Très contestée au Sénat, le transfert de cette compétence eau et assainissement avait été inscrit dans la loi NOTRe (Nouvelle Organisation Territoriale de la République) de 2015, et le Sénat était parvenu à repousser l’échéance initiale de six ans. Le Premier ministre a précisé qu’il travaillerait avec Catherine Vautrin, ministre du Partenariat avec les territoires et de la Décentralisation, et Françoise Gatel, ministre chargée de la Ruralité, du Commerce et de l’Artisanat, mais aussi les sénateurs, pour « affiner » cette orientation.

Pour Michel Barnier, cette position est de nature à assurer « plus de libertés » et de « confiance » aux communes. Mais cette contrepartie sera sans doute jugée insuffisante pour les collectivités locales, soumises à une « sanction lourde » dans le cadre du projet de loi de finances, selon les mots de la présidente du groupe communiste Cécile Cukierman. Le gouvernement espère obtenir cinq milliards d’euros d’économies de la part des collectivités territoriales, sur les 40 milliards d’économies prévus sur l’ensemble des dépenses publiques.
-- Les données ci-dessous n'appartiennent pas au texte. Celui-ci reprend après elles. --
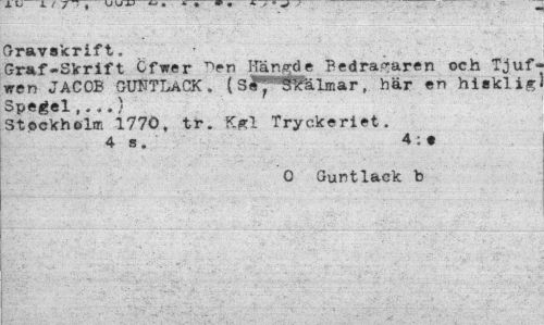 //// Gravskrift. //// Graf-Skrift Cfwer >n Hängde Bedragaren och Tjuf wen JACOB OUNTLACK. (Se, Skälmar, här en hisklig Spegel,...) //// Stockholm 1770, tr. Kftl Tryckeriet. //// 4 s. 4 : • //// 0 Guntlack b ////

Le premier vice-président de l’Association des maires de France (AMF) a estimé, pour sa part, le total des coupes se chiffrait plutôt à « 9,5 milliards d’euros ». « Cette ponction accrédite l’idée répandue par Bruno Le Maire et Thomas Cazenave que les collectivités seraient responsables de l’endettement », s’est insurgée la sénatrice de la Loire.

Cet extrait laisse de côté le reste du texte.